De inname van een Oekraïense kerncentrale door het Russische leger is niet direct een bedreiging voor Europa. Dat zegt Wim Turkenburg, kernenergiedeskundige en emeritus hoogleraar van de Universiteit Utrecht.
Russische militairen namen de kerncentrale Zaporizja bij de plaats Energodar vrijdagochtend vroeg in handen. Energodar ligt aan de rivier de Dnjepr, hemelsbreed ongeveer 450 kilometer ten zuidoosten van Kiev. Daar, in het zuiden van Oekraïne, hebben de Russen de afgelopen dagen een paar steden in handen weten te krijgen.
Nu de kerncentrale in Russische handen is, controleert Moskou de elektriciteitsvoorziening in de regio. Daar was het ze waarschijnlijk om te doen, vermoedt Turkenburg. "Als ze de stroomvoorziening platleggen, kan dat consequenties hebben voor het functioneren van bijvoorbeeld ziekenhuizen. Het kan de communicatie met Kiev verstoren. Ik denk niet dat ze de kerncentrale kapot willen maken, want dat zou ook gevolgen voor Rusland hebben", stelt hij.

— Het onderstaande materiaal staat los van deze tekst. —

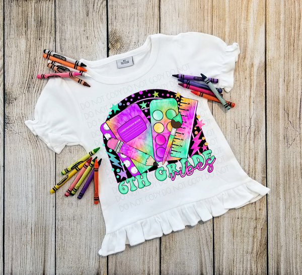 6th grade vibes LF colors school supplies DTF TRANSFER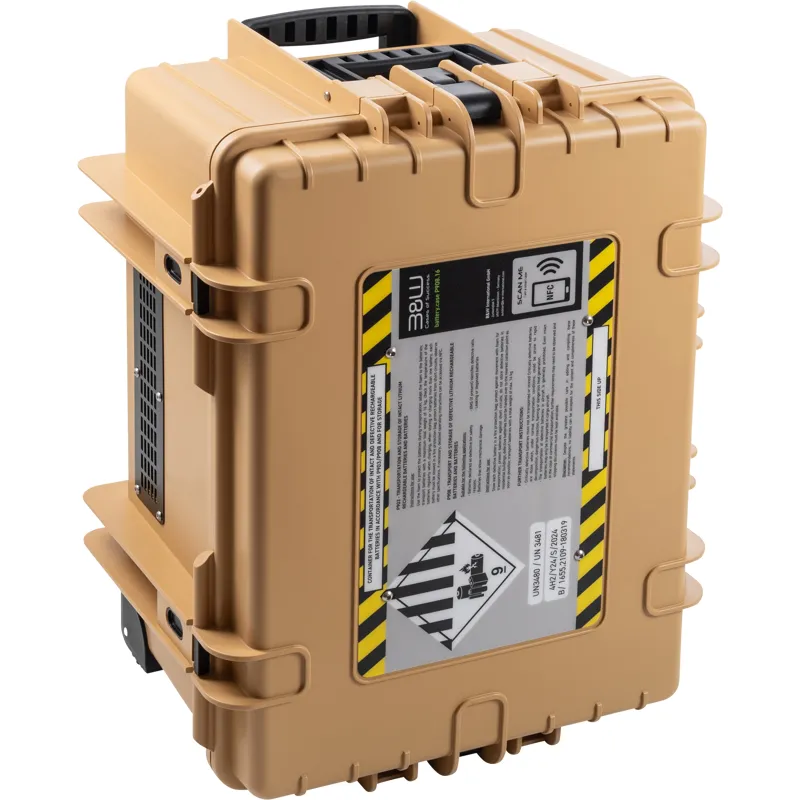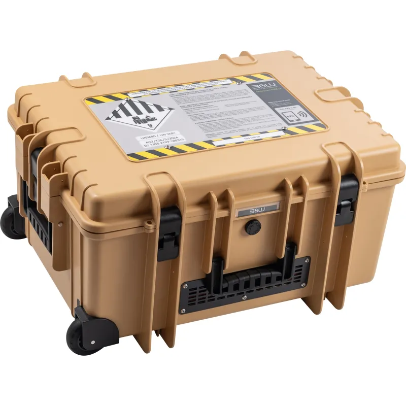The BU&W battery.case P908.16 is designed for safe storage and transport of lithium batteries, with a maximum payload of 16kg. It is robust, user-friendly, and approved for hazardous goods transport.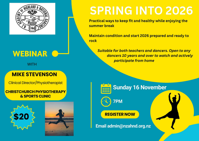 This is a friendly reminder to join us for our upcoming “Spring into 2026” Webinar with Mike Stevenson, Clinical Director and Physiotherapist, Christchurch Physiotherapy and Sports Clinic, on practical ways for dancers to keep healthy and stay fit while enjoying the summer break.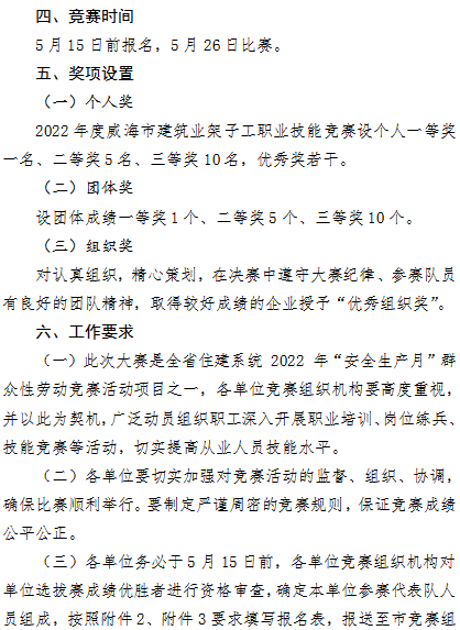 >關(guān)于舉辦2022年度威海市建筑業(yè)架子工職業(yè)技能競(jìng)賽的通知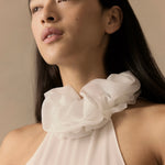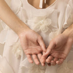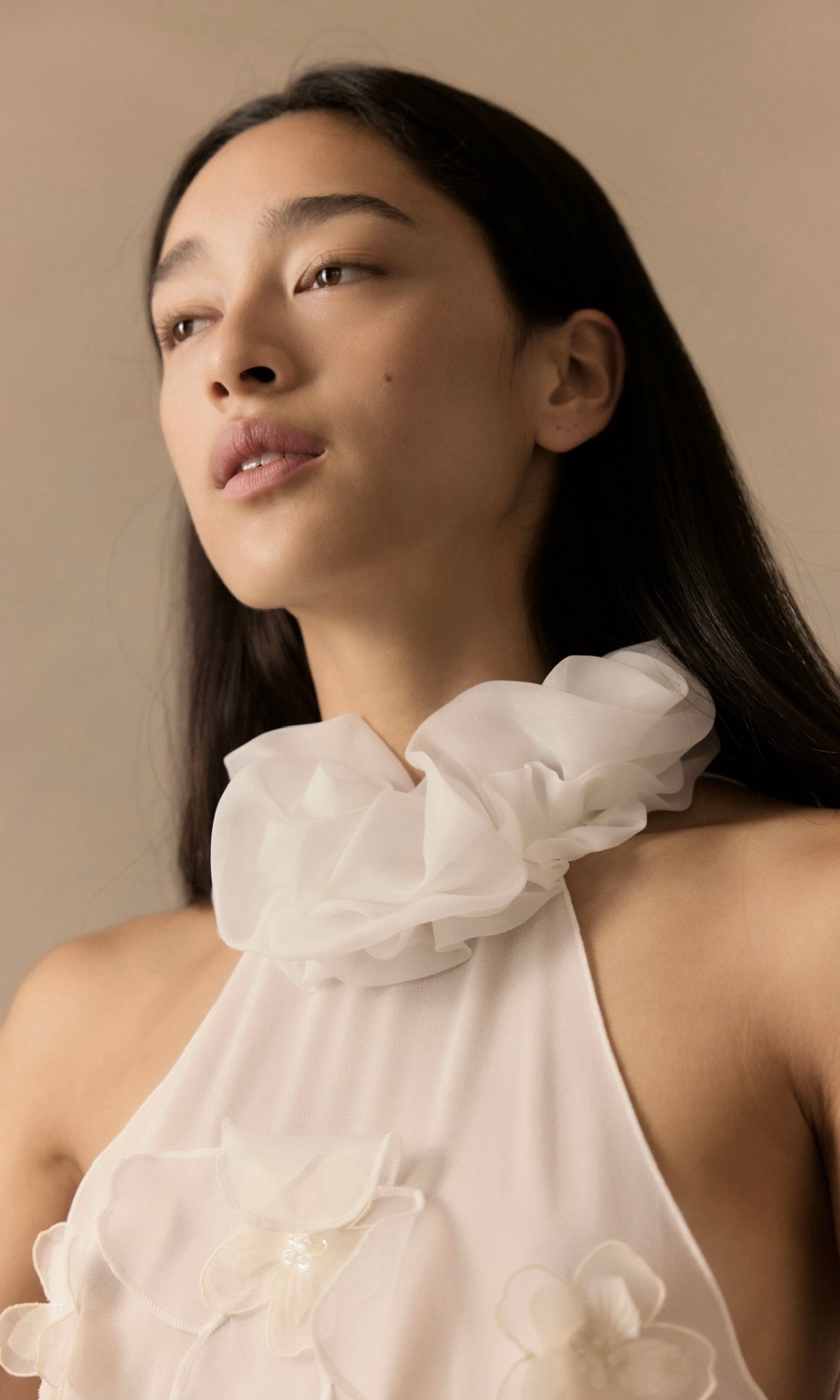 The Sofia dress is crafted in satin organza with hand-stitched floral detailing.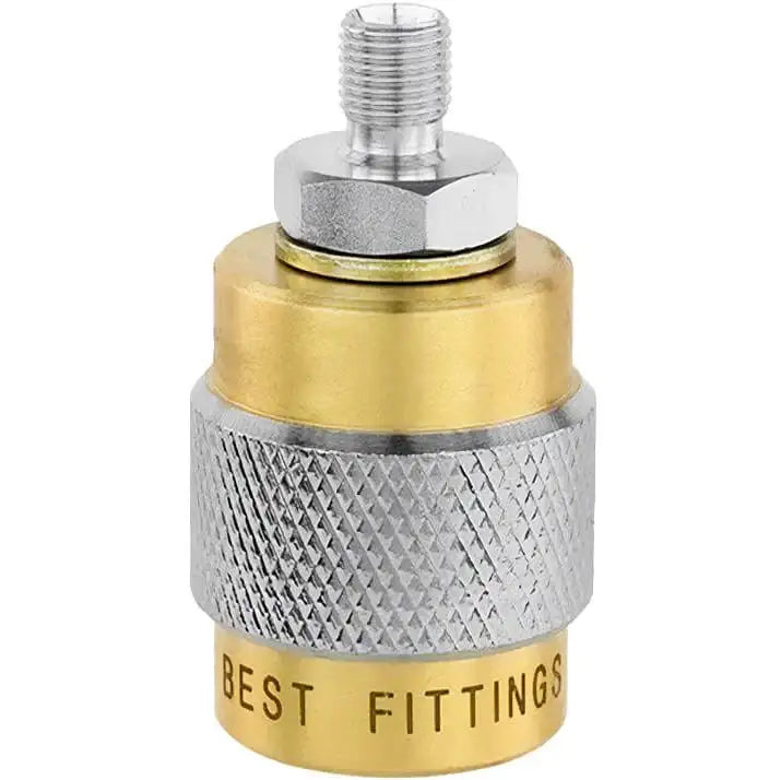Csatlakozó, amely lehetővé teszi a DIN külső menetes tartályok kompresszorainkra való felszerelését, mindössze egy 1/8 BSP belső-apa QD-re van szüksége.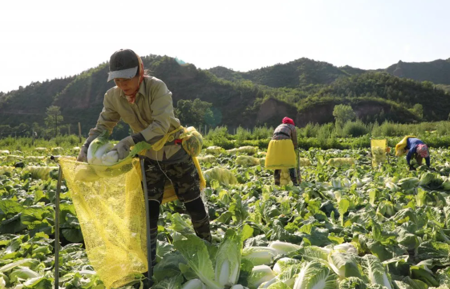 汤河口镇西帽湾村,200余亩蔬菜大田喜获丰收,菜农正在忙碌的采收娃娃菜及大白菜。砍下地上的白菜,剥掉外层泛黄的菜叶,一垄垄白菜便躺在了田埂上,菜农将这些白菜抱上车,码放整齐后,随着司机师傅的一声鸣笛汽车开出菜田,驶向城区的农贸市场。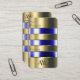 Make a lasting impression with this elegant and quality business card template featuring an eye catching gold can with glass and blue fluids optics. Matching the look of a faux 3D engraved font. Everything is a flat print!!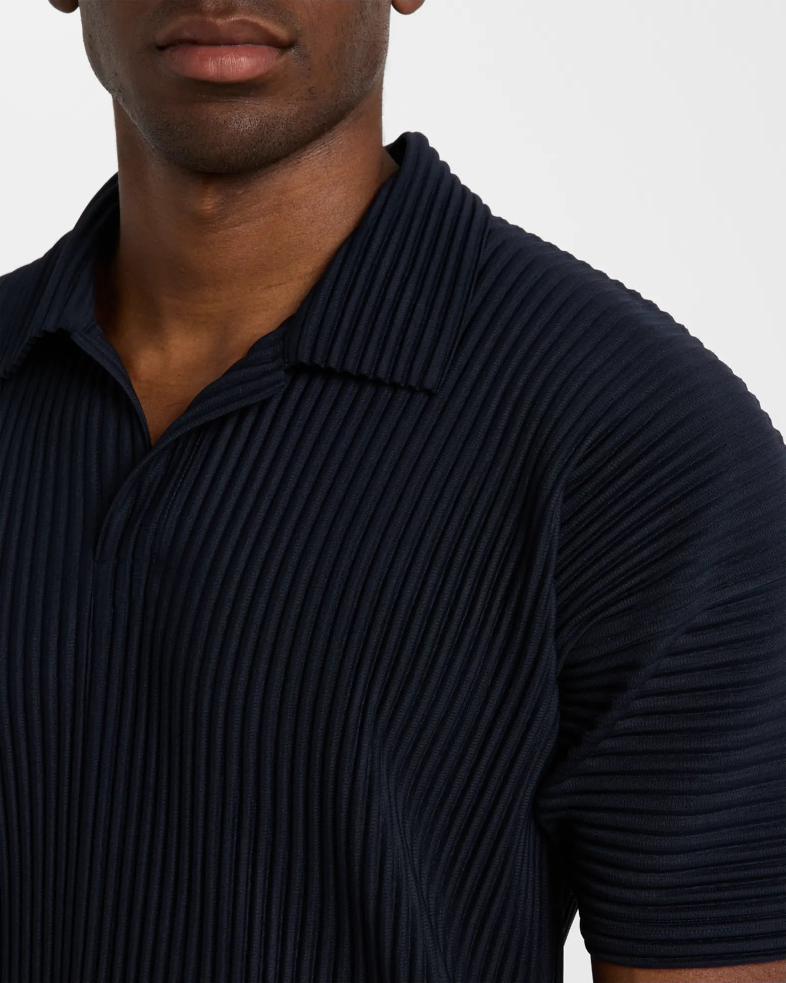 This Homme Plissé–inspired pleated polo is crafted for the man who lives between motion and stillness — between the calm of morning sunlight and the pulse of the game.

Het grote gevaar komt niet van militairen die er rondlopen, maar van een bominslag. Turkenburg: "Als een raket terechtkomt op een koelbad met splijtstofstaven, dan zou dat gevaarlijk zijn, ook voor de Russen zelf. In eerste instantie treft dat een gebied van 50 kilometer rond de centrale, misschien 100 kilometer er omheen. Bij Tsjernobyl in 1986 hadden wij in Nederland er ook last van, 2000 kilometer verderop."

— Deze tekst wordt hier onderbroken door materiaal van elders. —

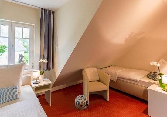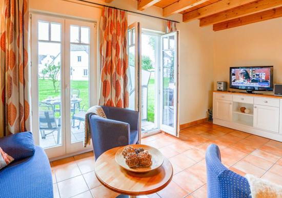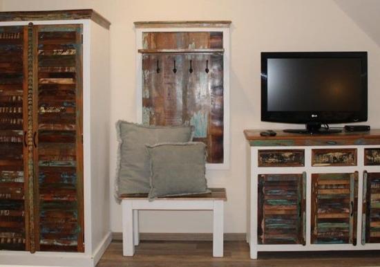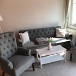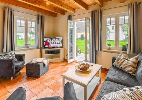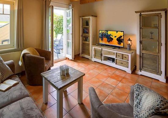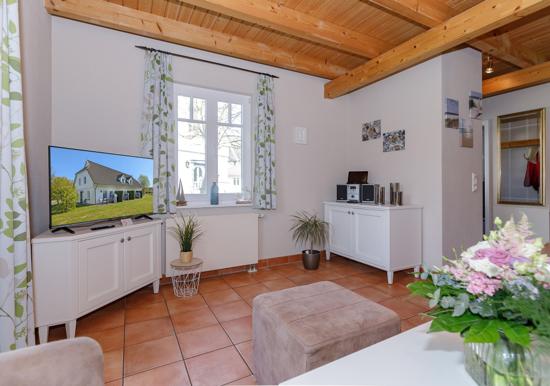 Im Wohnzimmer befinden sich eine Couch, 2 Ohrensessel, 1 Kamin (elektrisch), 1 Fernseher und eine Kommode.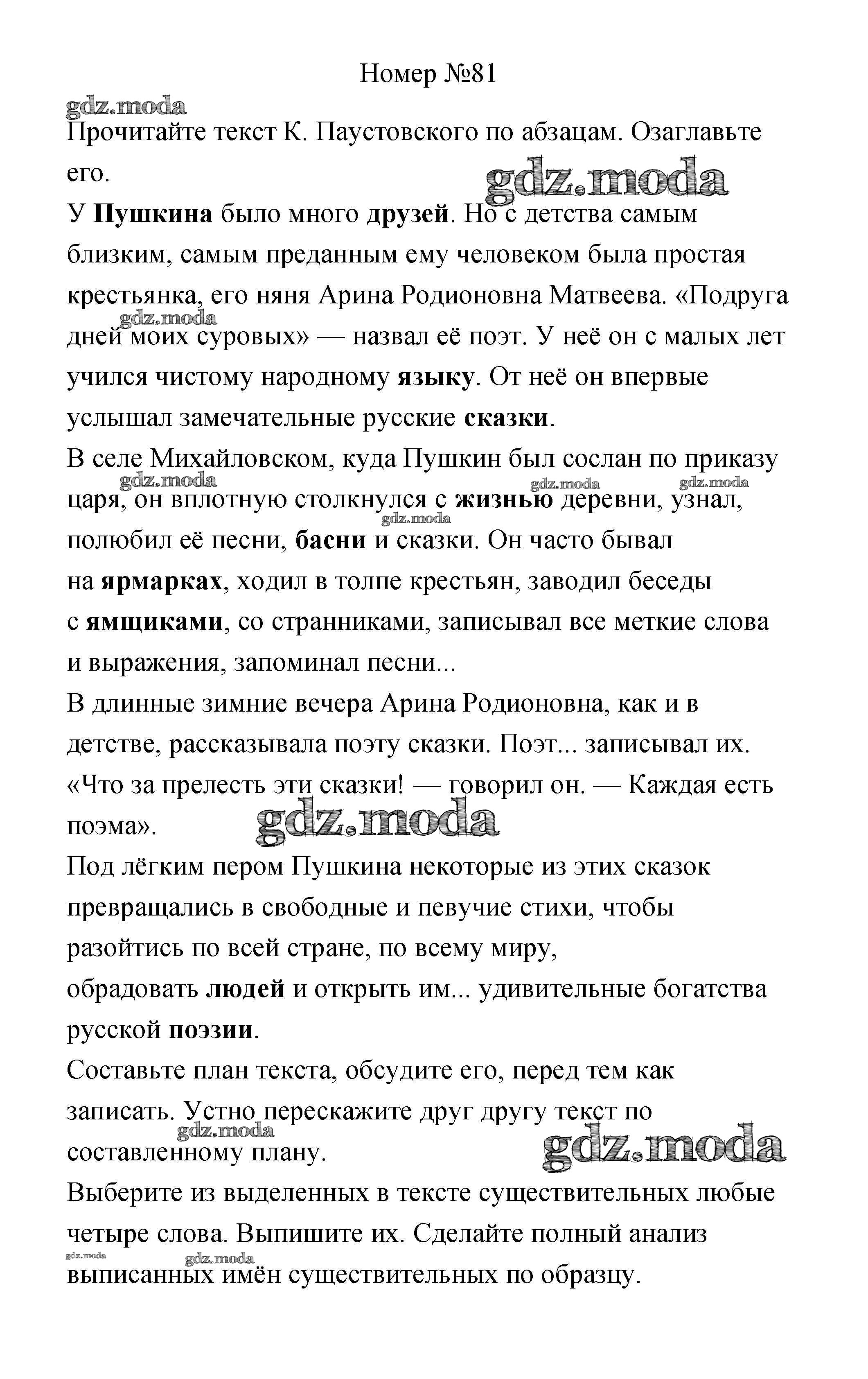 ОТВЕТ на задание № 81 Рабочая тетрадь по Русскому языку 3 класс Климанова Перспектива

De Oekraïense president Volodimir Zelenski zei vrijdag dat Rusland de kernramp bij Tsjernobyl wil herhalen. Turkenburg deelt die angst niet. "Het kan zijn dat hij niet deskundig is, dat hij net als veel mensen bang is dat het ernstig kan zijn. Het kan ook propaganda zijn, dat hij hoopt dat westerse mogendheden hierdoor in actie komen, dat hij zegt: nu worden jullie ook aangevallen. Maar het is niet zo dat heel Europa nu bedreigd wordt."